§ EXERCISE DETAILS: Output the lines of the listing below exactly, starting at the line containing "تواصلت فعاليات مؤتمر" and stopping after the last line, with any pictures dropped.

***** DATA EXCERPT

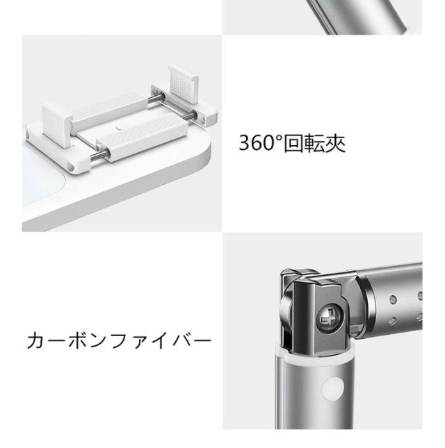 クリップは360°回転可能です。また、角度の調整し簡単に俯瞰撮影時の照明にも使用できます。角度調整 【Bluetoothリモコン付属】
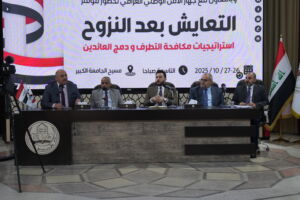 تواصلت فعاليات مؤتمر التعايش بعد النزوح: استراتيجيات مكافحة التطرف ودمج العائدين في يومه الثاني، يوم الاثنين الموافق ٢٧ تشرين الأول ٢٠٢٥، بحضور رئيس جامعة الموصل الأستاذ الدكتور وحيد محمود الإبراهيمي. وقد احتضن المنتدى العلمي والأدبي أعمال الجلسة الثالثة التي جاءت بعنوان: “الأطر القانونية والسياسات الوطنية للتعايش ومكافحة التطرف”.
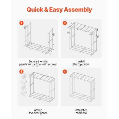 Rymlig förvaringskapacitet: Detta vedställ rymmer ungefär 3/8 vedsträngar, vilket ger gott om plats för uppvärmning i hemmet, eldstäder i trädgården eller campingtillbehör. Det är utformat för bekvämlighet och håller veden snyggt organiserade och lättåtkomliga.

**********

§ ANSWER FOR THE TASK:
 تواصلت فعاليات مؤتمر التعايش بعد النزوح: استراتيجيات مكافحة التطرف ودمج العائدين في يومه الثاني، يوم الاثنين الموافق ٢٧ تشرين الأول ٢٠٢٥، بحضور رئيس جامعة الموصل الأستاذ الدكتور وحيد محمود الإبراهيمي. وقد احتضن المنتدى العلمي والأدبي أعمال الجلسة الثالثة التي جاءت بعنوان: “الأطر القانونية والسياسات الوطنية للتعايش ومكافحة التطرف”.
 Rymlig förvaringskapacitet: Detta vedställ rymmer ungefär 3/8 vedsträngar, vilket ger gott om plats för uppvärmning i hemmet, eldstäder i trädgården eller campingtillbehör. Det är utformat för bekvämlighet och håller veden snyggt organiserade och lättåtkomliga.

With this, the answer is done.